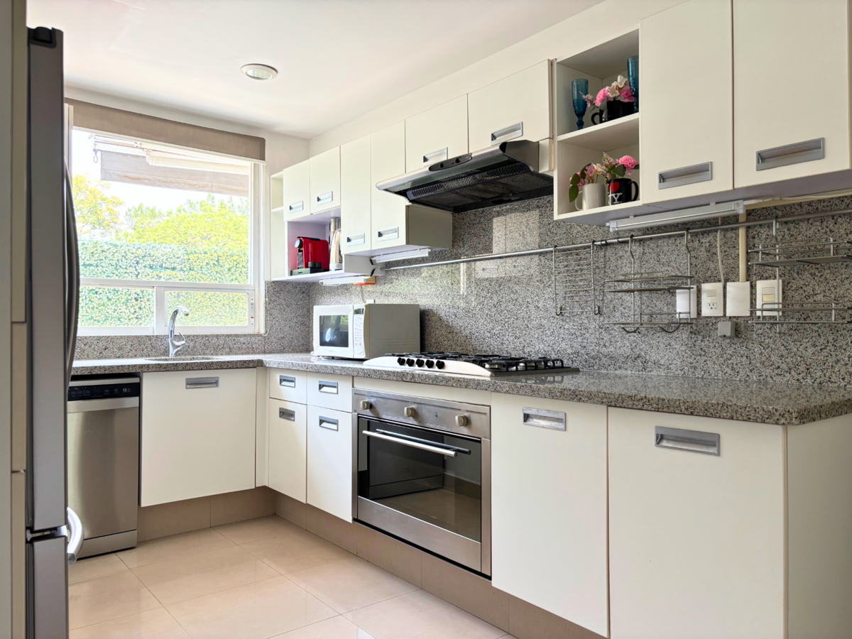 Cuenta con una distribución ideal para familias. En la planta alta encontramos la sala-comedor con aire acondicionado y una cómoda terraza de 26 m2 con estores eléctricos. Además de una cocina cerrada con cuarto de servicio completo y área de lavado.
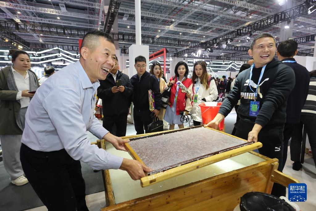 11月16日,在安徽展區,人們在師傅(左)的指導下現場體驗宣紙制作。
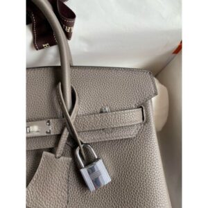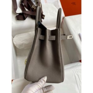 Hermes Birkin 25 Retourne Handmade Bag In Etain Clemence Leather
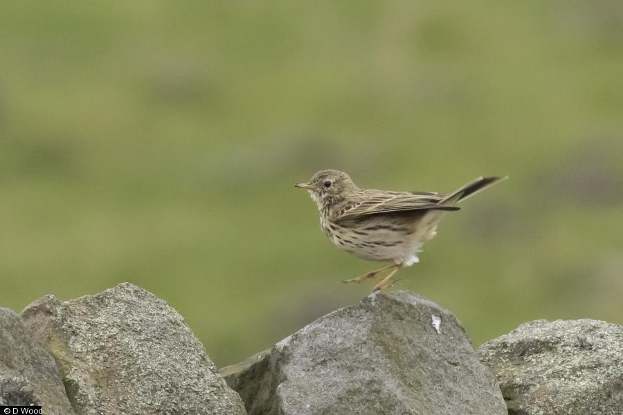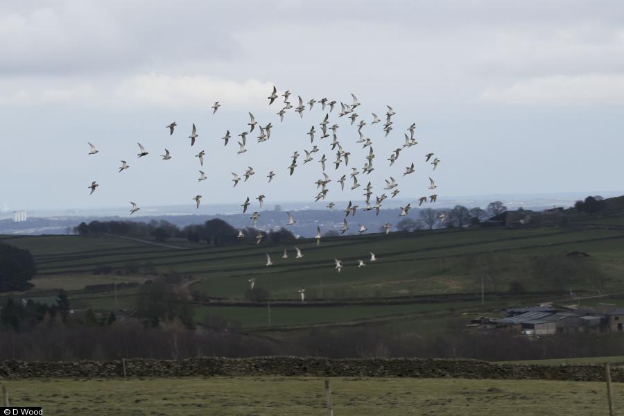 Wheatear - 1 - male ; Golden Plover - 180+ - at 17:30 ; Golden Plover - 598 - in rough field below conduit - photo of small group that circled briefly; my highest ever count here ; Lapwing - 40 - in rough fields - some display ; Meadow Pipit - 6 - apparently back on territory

...

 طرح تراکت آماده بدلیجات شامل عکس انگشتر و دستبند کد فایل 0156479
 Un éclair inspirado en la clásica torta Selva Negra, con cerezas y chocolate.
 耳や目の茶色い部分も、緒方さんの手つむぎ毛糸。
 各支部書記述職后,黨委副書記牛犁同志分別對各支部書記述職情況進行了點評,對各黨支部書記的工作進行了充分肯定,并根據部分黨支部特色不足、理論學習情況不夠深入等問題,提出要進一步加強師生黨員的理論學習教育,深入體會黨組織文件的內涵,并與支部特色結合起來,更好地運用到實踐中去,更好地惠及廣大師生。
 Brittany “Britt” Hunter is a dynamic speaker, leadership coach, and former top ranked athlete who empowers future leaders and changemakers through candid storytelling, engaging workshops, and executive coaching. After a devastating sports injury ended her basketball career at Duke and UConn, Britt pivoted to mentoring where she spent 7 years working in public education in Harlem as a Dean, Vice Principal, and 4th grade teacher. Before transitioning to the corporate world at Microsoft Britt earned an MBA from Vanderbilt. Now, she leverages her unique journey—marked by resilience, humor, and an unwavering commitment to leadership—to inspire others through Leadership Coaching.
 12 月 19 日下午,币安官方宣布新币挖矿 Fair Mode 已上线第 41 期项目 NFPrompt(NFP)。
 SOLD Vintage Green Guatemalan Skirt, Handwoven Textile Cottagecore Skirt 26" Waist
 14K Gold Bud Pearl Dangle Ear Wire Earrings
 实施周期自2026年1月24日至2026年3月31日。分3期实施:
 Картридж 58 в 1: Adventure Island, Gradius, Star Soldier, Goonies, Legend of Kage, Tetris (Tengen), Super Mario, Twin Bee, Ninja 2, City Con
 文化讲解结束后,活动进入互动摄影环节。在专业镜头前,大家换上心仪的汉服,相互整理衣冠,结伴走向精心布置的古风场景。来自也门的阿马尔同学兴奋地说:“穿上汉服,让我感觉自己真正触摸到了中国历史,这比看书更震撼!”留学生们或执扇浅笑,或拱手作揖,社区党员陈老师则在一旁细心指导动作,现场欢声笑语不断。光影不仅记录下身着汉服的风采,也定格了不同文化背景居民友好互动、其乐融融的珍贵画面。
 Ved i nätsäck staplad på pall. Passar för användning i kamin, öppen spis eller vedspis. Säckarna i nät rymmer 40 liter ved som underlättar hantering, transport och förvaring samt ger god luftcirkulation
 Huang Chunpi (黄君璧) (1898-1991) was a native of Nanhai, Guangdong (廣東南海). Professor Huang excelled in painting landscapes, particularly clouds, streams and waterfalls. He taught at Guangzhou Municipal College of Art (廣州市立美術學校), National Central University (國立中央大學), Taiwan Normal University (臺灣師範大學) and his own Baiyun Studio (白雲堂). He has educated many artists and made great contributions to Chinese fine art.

• _DESCRIPTION OF THE TASK_: All lines above from the one holding "耳や目の茶色い部分も、緒方さんの手つむぎ毛糸。" to the one holding "各支部書記述職后,黨委副書記", inclusive, are to be copied exactly; no other line is wanted.

• _TASK RESPONSE_:
 耳や目の茶色い部分も、緒方さんの手つむぎ毛糸。
 各支部書記述職后,黨委副書記牛犁同志分別對各支部書記述職情況進行了點評,對各黨支部書記的工作進行了充分肯定,并根據部分黨支部特色不足、理論學習情況不夠深入等問題,提出要進一步加強師生黨員的理論學習教育,深入體會黨組織文件的內涵,并與支部特色結合起來,更好地運用到實踐中去,更好地惠及廣大師生。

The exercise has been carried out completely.